I love the creative do-it-yourself stuff. It can be anything. Home building, computers, gardening, knitting, green energy/building, videogame developing, programming, t-shirt printing, etc. Anything stemming to and from that creative human element floats my boat.

Its almost overwelming (as brought to attention tonight). It is overwelming due to the limitless amount of amazing things that lacks time and money to invest and experiment with.

Even Jay Leno is seeing it. A post taken from the Make: Blog references a recent Jay Leno's Garage episode where he takes to a couple of guys who can scan a 3D object and turn it into a 3D digital image. With that imagine, the part can then be duplicated. Rutgers had a 3D printer of some sorts like the one in the episode. But is so overwelming! To think, for under $5k you can have a production facility in your garage thats limited to only the dreams and imagination flying around between your ears.

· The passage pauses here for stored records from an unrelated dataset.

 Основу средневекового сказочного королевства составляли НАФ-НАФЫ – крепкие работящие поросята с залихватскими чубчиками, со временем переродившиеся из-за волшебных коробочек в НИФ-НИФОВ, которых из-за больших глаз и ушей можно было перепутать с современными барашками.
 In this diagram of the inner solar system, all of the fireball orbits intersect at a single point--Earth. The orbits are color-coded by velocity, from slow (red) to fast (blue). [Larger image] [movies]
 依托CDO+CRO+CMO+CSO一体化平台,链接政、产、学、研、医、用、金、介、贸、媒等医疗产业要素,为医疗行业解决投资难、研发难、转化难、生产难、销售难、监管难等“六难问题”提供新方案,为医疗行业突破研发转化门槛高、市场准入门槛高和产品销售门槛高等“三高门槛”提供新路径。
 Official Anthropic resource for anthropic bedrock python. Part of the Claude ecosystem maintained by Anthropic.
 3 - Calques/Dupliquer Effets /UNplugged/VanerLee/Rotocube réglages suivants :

And now theres gonna be a $100 computer as big as a smoke detector?!? Limitless applications that can be used for. And you need free help with that? Google's got you covered.

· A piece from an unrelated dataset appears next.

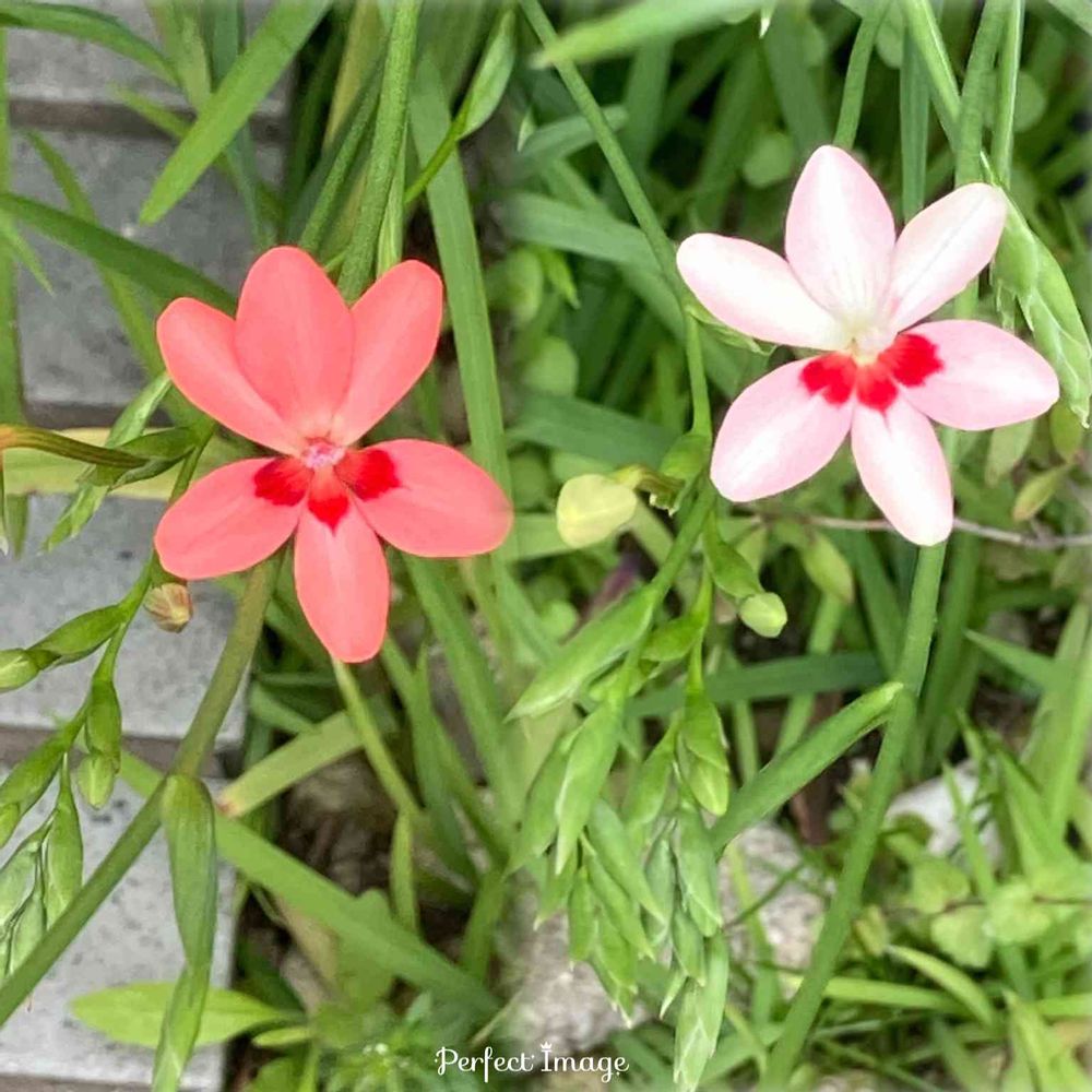 白花とサーモンピンク色の組み合わせです。中心の深い赤が基本種。

How does a world grasp that!? As quoted from another real smart guy, "Almost nothing has been invented yet."

Or Mr. Einstein, "I am enough of an artist to draw freely upon my imagination. Imagination is more important than knowledge. Knowledge is limited. Imagination encircles the world."

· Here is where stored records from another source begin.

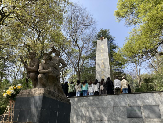 随后,大家怀着崇敬肃穆的心情来到位于南京市老山脚下的浦口区烈士纪念碑前开展清明祭扫主题党日活动。烈士纪念碑在蓝天白云的映衬下巍峨屹立,格外庄严肃穆。支部学生党员们在纪念碑前整齐列队,祭扫活动在庄严的气氛中正式开始。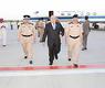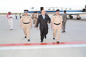 وكان في استقباله على ارض المطار وكيل وزارة الداخلية المساعد لشئون أمن المنافذ اللواء / أنور الياسين ومساعد مدير العلاقات العامه عقيد/ عماد الملا وعدد من كبار القيادات الأمنية.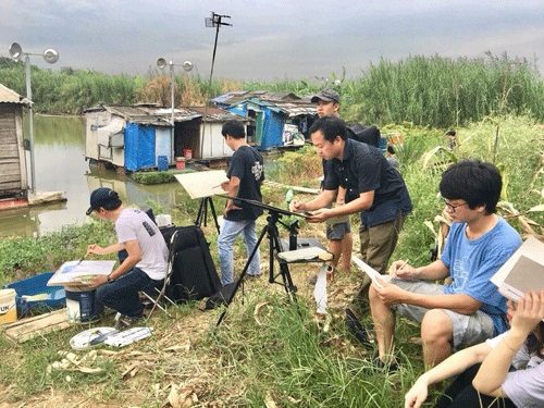 Ein Ausflug von „Urban Sketchers Hanoi“ am Roten Fluss. (Foto: hanoimoi.com.vn) |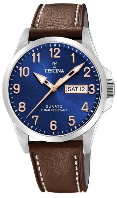 Festina Classics 20358/B jsou pánské elegantní bateriové hodinky na hnědém koženém řemínku s kontrastním prošíváním a trnovou sponou. Pouzdro z nerezové oceli má průměr 41 milimetrů. Modrý číselník s efektem slunečního brusu a ukazatelem dne a data na třetí hodině je chráněn odolným minerálním sklíčkem. Ručičky mají luminiscenční nátěr, který po nasvícení usnadňuje čitelnost za zhoršených světelných podmínek. Chod hodinek zajišťuje quartzový strojek Miyota 1S02 s přesností ±20 sekund za měsíc. S vodotěsností 10 ATM jsou hodinky vhodné pro plavání či šnorchlování.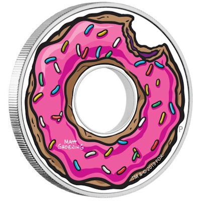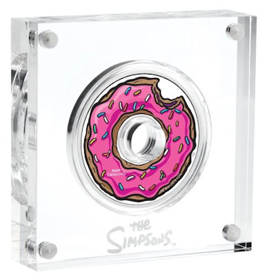 Um Homers Lieblingsspeise gerecht zu werden, haben die Designer der Perth Mint eine Silbermünze mit einem Loch in der Mitte entworfen. Diese Donut-Form wird ergänzt durch leuchtende Farbapplikationen, die die rosafarbene Glasur und die bunten Zuckerstreusel in Szene setzen. Auf dem Zuckerguss findet man auch noch die Unterschrift von Matt Groening, der die Simpsons 1987 erfand. Rechts am Rand ist der Hinweis verzeichnet, dass es sich um ein lizenziertes Produkt handelt.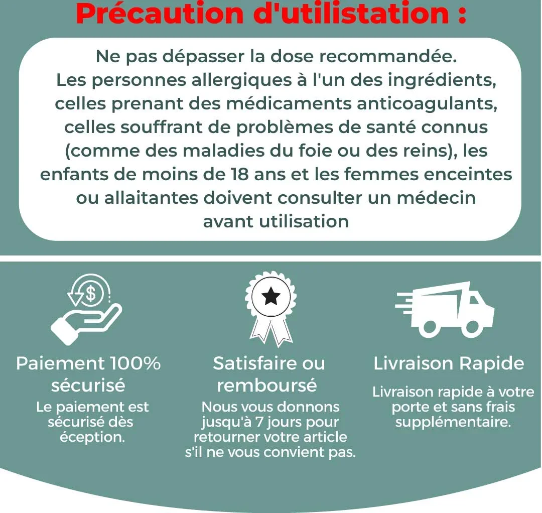 .🧴 Utilisation :Prenez 2 capsules par jour après les repas avec un verre d’eau pour des résultats optimaux.

Music: The Go! Team - Get It Together

Saturday, February 14, 2009

Fwd: New Jersey - Recycled-Container Chic - NYTimes.com

So you've all driven through Newark on the Turnpike or 78. You've all looked out your locked car windows at the piles of trash, smoke stacks, car lots, power plants, Bon Jovi's, fat sandwiches, and anything else that apparently give the rest of the country the only picture of the great state of New Jersey. inside this dirty exisits the building blocks of a promising and innovative way of building buildings.
As told by Pops, who somehow knows a lot about a lot, there is a great surplus of shipping containers in Jersey straight up chilling. A great amount of products that come into the NY/NJ ports are carried in standard shipping containers. The shipping crates are not shipped back to Asia because it's cheaper to just make new ones.
The title of this post is from a NY Times article about how some dudes want to build an apartment omplex in Harrison, NJ out of the surplus of containers.
This theory has been around for a while, not just for apartment complexes, but for shelters for third world countries. Think about it. You're in a third world country picking rice or oranges or making some Air Jordans in a factory all day. You get out after a 12-hour day and get home to your house made out of plastic siding, cardboard, and anything else you can gather. And your house sits within a lovely neighborhood of other plastic siding houses. You're so money. Oh wait, no you're not, you're far from it. You're not asking for much, obviously gwtting by with nothing already. You just a want roof over your head, a locked door you can hide behind, and maybe some electricity and a hot shower every so often. You just need a shipping crate from Newark.